= Drowning detection system =

Video monitoring or camera systems

Drowning detection systems are systems designed to improve safety by reducing drowning deaths and injuries in public and private pools, waterparks, thermal baths, spa facilities, beaches, or other natural bodies of water smart beach.

==Classification==
Pool monitoring systems fall into two broad categories: Active or Passive.
=== Active systems ===
Active systems are often using a wearable on the swimmer, such as a wristband, that monitors the behaviour and position of the swimmer. If the swimmer is detected to be under water for a certain period, an alarm is triggered and through acoustic underwater communication from the wristband to receivers installed in the pool the alarm is transferred to on-site lifeguards that immediately can identify which pool and to start rescue. The advantage of such systems is that each person is guarded and that the same wristband can be used for access to facilities and lockers. The system is mainly used in public swimming pools where lifeguards are present.

=== Passive systems ===
Passive systems provide lifeguards with views of swimmer activity and behaviour below the water surface, which aids the 10:20 scan for identifying potential incidents.
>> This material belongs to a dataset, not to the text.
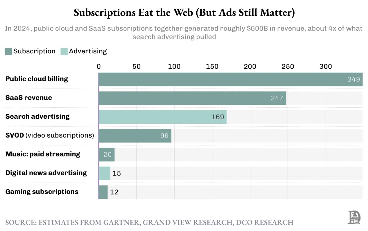 亚马逊、Spotify、网飞、谷歌和Meta,成为了聚合平台,他们汇集了消费者的需求,并将随意的浏览行为转变为习惯。他们将这些习惯定价为订阅服务。

They offer a way of compensating for surface glare and blind spots in the swimming pool, thereby making the lifeguard's job easier.
Active systems are designed to automatically monitor the pool and alert lifeguards to potential incidents.

Passive system underwater cameras let lifeguards inspect multiple underwater views simultaneously from a single location. Cameras can cover areas which may otherwise be obstructed. Below water cameras can be paired with above water cameras to provide face-to-body matching if there is an incident where a swimmer needs to be identified, in cases of sexual assault for example.